La parola su cui vogliamo far luce oggi è “resistenza“. Credo che a parte chi di noi ha confidenza con l’elettricità la parola evoca a tutti o quasi tutti lo scenario della lotta e perlopiù quello della lotta partigiana al nazifascismo, Resistenza con la “r” maiuscola.
La resistenza che immaginiamo di solito quindi è un atto corale, spesso eroico, opera di un gruppo, talvolta di un intero popolo, oppresso e invece ora fotografato nel momento di opposizione ad un potere costituito. Vedo le barricate fisiche e ideologiche contro un pensiero, supportato volentieri da un esercito, cercare di arginare il suo dilagare, interrompere un “progresso” visto come a senso unico da quelli che vengono lasciati indietro, quando non eliminati.

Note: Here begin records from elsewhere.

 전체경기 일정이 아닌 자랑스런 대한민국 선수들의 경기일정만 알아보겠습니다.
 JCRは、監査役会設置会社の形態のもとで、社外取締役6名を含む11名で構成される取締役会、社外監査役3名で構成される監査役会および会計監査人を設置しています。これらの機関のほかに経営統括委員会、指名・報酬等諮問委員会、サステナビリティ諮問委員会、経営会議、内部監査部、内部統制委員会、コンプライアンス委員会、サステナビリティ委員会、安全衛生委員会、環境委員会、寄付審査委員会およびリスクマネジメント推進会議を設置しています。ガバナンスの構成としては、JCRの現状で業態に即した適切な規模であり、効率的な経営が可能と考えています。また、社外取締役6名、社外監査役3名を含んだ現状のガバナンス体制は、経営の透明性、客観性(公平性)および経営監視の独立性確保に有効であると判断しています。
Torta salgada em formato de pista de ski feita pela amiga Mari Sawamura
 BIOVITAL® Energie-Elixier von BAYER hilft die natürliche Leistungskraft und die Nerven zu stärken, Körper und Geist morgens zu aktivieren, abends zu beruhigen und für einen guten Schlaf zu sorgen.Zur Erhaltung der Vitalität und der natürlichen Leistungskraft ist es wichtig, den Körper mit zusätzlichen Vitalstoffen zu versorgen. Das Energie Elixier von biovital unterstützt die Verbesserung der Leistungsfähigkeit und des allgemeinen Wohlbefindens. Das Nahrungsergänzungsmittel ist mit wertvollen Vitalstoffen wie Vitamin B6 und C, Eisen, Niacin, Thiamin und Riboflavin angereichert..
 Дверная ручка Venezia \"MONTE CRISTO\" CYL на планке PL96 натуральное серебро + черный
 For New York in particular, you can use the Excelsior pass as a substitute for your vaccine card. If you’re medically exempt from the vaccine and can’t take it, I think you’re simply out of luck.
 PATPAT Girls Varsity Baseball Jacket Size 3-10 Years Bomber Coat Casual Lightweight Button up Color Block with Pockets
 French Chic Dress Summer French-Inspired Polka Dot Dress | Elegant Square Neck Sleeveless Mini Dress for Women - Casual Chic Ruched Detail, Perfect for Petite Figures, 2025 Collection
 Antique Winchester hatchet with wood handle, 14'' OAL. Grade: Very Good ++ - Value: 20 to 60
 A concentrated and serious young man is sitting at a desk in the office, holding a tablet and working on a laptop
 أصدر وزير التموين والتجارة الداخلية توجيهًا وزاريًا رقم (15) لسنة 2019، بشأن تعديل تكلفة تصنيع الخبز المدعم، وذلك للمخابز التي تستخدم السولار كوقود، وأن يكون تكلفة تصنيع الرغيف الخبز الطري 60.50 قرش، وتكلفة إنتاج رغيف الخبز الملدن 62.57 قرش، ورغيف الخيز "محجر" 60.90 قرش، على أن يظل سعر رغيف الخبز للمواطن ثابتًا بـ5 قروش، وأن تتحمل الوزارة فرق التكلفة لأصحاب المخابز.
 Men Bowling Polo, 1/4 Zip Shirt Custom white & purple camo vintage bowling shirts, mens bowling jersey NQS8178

La resistenza quindi resiste ad un processo di rimozione e questo non la rende necessariamente conservatrice. Piuttosto invece tiene alla vita, o ad un ideale, o più astrattamente a non far spegnere la dialettica degli opposti alla base della democrazia e forse della stessa vita. Ma resistenza è tanto altro e l’accezione su cui vorrei soffermarmi è quella legata alla nonviolenza, allo stare in un posto e mantenere una posizione e senza gesti violenti o eclatanti lanciare un messaggio fortissimo e chiaro.
Penso a Rosa Parks che non si rassegna a cedere il posto in autobus in quanto nera, come previsto quindi dalle leggi dell’apartheid americane. Penso alle marce di Gandhi e di Martin Luther King che conosciamo tutti e penso però anche a tutte le forme di resistenza attiva quotidiana, nella Storia e nel presente, di cui non ci è giunta notizia perché compiuta in silenzio, senza testimoni. Alle parole non dette di un uomo o di una donna imprigionati per dover tradire…e così via, scendendo nel quotidiano, anche al di fuori delle guerre, ma dentro conflitti magari personali, non meno accesi e pieni di dignità.
Questa rubrica tratta di parole però, e di eventi, fatti e testimoni avranno già parlato abbondantemente i miei colleghi, perciò voglio lasciare due ultime righe ad un protagonista del pensiero che crede nella parola come strumento di resistenza e quindi di liberazione:
«La parola non è solamente l’antitesi dell’ignavia, ma indica da subito pericolo e clandestinità» (Antonio Gramsci)
A voler significare che chi sa è responsabile, chi si informa si coinvolge e non c’è staticità nella resistenza di chi invece del fucile decide ad esempio di imbracciare la penna.